A letter to all the young girls

Image result for moody teenager

Dear young girls across the world,

I found really sad to read in the news today that among 10 to 15-year-old girls, the children’s society charity reported that 14% are unhappy with their lives as a whole, and 34% with their appearance.

I actually find this statistic quite upsetting because I for one, have never struggled with being unhappy as a child. My levels of happiness have decreased since being an adult of course, that’s a given right? But to acknowledge that there is a number of young women out there, who are fundamentally unhappy with themselves and their environments, whilst by contrast the study found that boys’ sense of happiness remained stable, is a really alarming piece of information that leads me onto a number of things that could be causing this turbulence in the pre teen and teenage years of womanhood.

First of all, Instagram

Yeah, we all have it, yeah we all pick the best filter so it looks like it was 5 degrees hotter than it actually was on holiday and yeah we all mindlessly scroll through post after post wishing we were ‘that skinny’ or could ‘cook that well’ or was ‘that rich’.
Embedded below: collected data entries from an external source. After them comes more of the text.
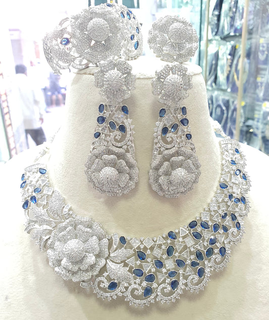 Grand Bridal Cz Stone Silver Necklace Set with Earrings, Bracelet and Ring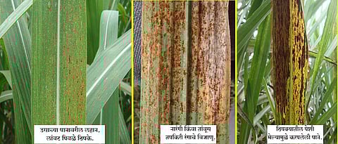 बुरशीचा जीवनक्रम व रोगाचा प्रसार उसाच्या पानावर दवाच्या स्वरूपातील असलेले पाणी प्रामुख्याने रोगवाढीसाठी महत्त्वाचा व अनुकूल घटक आहे. पानावर ओलसरपणा असताना बिजाणू रुजून बुरशी तयार होते. ही बुरशी पानांच्या आंतरभागात प्रवेश करून रोगनिर्मिती करते. पानामध्ये रोगनिर्मिती प्रक्रिया सुरू झाल्यापासून ३ ते ४ दिवसांत पानावर लहान, लांबट आकारांचे पिवळे ठिपके दिसतात. दोन आठवड्यांत नारंगी / तांबूस तपकिरी रंगाचे बिजाणू बाहेर पडतात. रोगाचा जीवनक्रम १० ते १२ दिवस इतक्या कमी कालावधीत पूर्ण होतो. प्रामुख्याने या रोगाचा दुय्यम प्रसार हवेमार्फत व पाण्यामार्फत होतो. या रोगाचा प्रसार बेण्यामार्फत अगदी कमी प्रमाणात होतो. संपर्क ः डॉ. भरत रासकर, ९९६०८०२०२८ (मध्यवर्ती ऊस संशोधन केंद्र, पाडेगाव, ता. फलटण, जि. सातारा)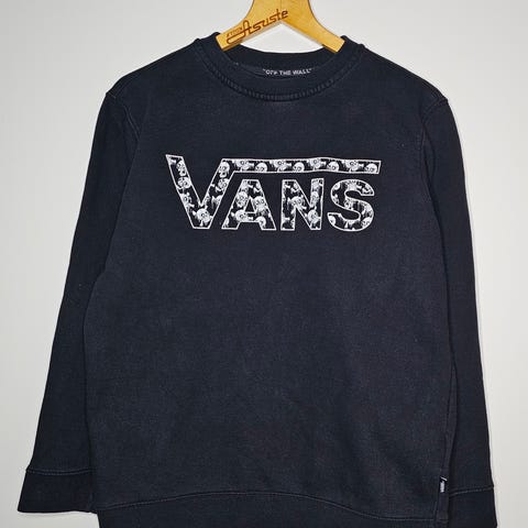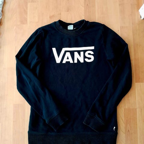 Myynnissä myös musta samankokoinen Vans collegepaita.

But we need to wake up and smell the sausage and carrot pasta (a cheap, easy and not very instagrammable meal for anyone who is interested) and admit the fact that Instagram is FAKE.

I will tell my sister who fits into this teen age bracket that what you see on Instagram, celebrities, personal trainers, fashion bloggers, your friends afternoon tea post, most of them, are set up, they are organised, they are faked, or exaggerated, they are not representations of real life. Real life is the bunch of candid snaps of you and your mates as you lark around in the park doing cartwheels and pulling funny faces at each other, the ones you wouldn’t put on Instagram. But instead, people choose the one where they are delicately (and in some cases seductively) licking an ice cream, which they probably have no intention of eating, despite still having the metabolism of a child (god damn you, it runs out pretty soon after 19 let me tell you!)

Have fun, take photos, don’t think about poses or what looks best on Instagram. Because the thing that looks best on Instagram is not the ‘best version’ of you. It’s the staged version of you. God the only staging I was doing at 15 was pushing around the crappy crates we had in our drama classroom to make a stage out of.

Secondly, The Kardashians, and Gigi and all those other models

You don’t look like Kylie Jenner, or Gigi or Bella Hadid, and you’re sad about it. But you also don’t have millions of dollars and the desire to get your face sliced up and stiched back together before your 17th birthday. These girls PAID to look like that. They went under cosmetic procedures to look like that. They (well their equally as deluded) rich celebrity parents paid for it. You’re going to have to make do with a Natural Collection eyeshadow pallet and some sparkly lipgloss. It’s what it’s all about. Boys might ogle at Kylie and Gigi and Bella and all the other ‘models’ out there, but believe me, they are all too ugly to even get within a foot of a girl who actually looks like that IRL (I’ll give you a clue: no one actually does). So don’t sweat it that Callum in Yr12 fancies Kylie Jenner and you wished you had bigger lips. In a year’s time you’ll realise that Callum only wants a fumble up your bra at that house party of the year and that you’re actually beautiful because you’re smart and respectful of yourself. Sure, slap a face of make up on if you want, we all do it from time to time. But take it from a girl who tried to hide away from having red hair and pale skin because it wasn’t deemed ‘attractive’ enough, being a bit different or not having peroxide blonde hair and an orange tan actually works in your favour as you get older and boys like Callum fade and boys like Chris who studies medicine and your mum just ‘can’t wait to meet’ comes into the picture.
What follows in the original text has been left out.